Yao Jin winced, not just from the ache in his side where Jin Feng's strike had landed, but from the raw edge in the name 'Wu Tian'. "Could you shout a little louder, Bao? I don't think the Verdant Peak assassins hiding in the rose bushes heard you."
Tang Huai materialized beside them, spectacles flashing as he scribbled furiously on a floating parchment scroll conjured from his sleeve. "Statistically improbable. Assassination attempts within the first twelve hours post-trauma are less than 7%. Vandalism, however," he adjusted his glasses, peering ahead, "approaches certainty. Observe."
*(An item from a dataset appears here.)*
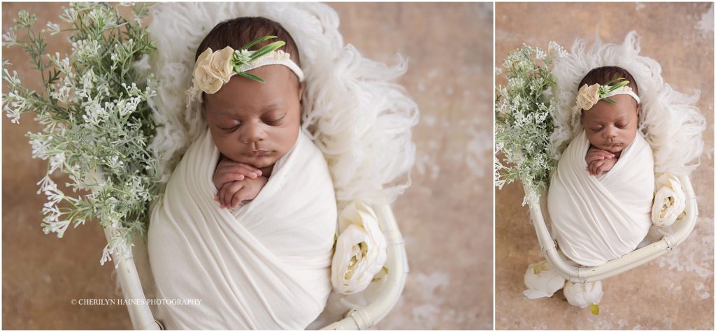 pink and white floral themed newborn session in baton rouge, louisiana with cherilyn haines photography

They'd reached the Whispering Willow Courtyard. Their dormitory door hung slightly ajar. A pungent, vinegary stench wafted out, mingling unpleasantly with the scent of damp earth and willow bark. Inside, the scene was deliberate chaos. Yao Jun's spare robes lay in tattered ribbons on the floor, slashed with jagged knife marks. His straw sleeping mat was soaked through with the source of the sour smell. Scrawled across the far wall in thick, clotting red pigment – Tang Huai sniffed, confirming "Porcine origin, likely arterial" – were the words: "ASHES TO ASHES, STAIN."
Lady Cluckles let out a low, distressed cluck and fluttered under Bao Siwen's bed, feathers puffed.
"Tch. Amateurs," Bao Siwen grunted, his usual cheer replaced by a low growl. He hefted his hammer, knuckles white. "I need to introduce these guys to my—"
"Evidence," Tang Huai interrupted, crouching. He plucked a sliver of fabric from a splintered bedpost near Yao Jun's ruined belongings. It shimmered, a distinctive jade-green silk. "Xiao Mei's sleeve lining. Jin Feng's shadow." He held it up, the color clashing violently with the bloody message. "Predictable. A surface ripple."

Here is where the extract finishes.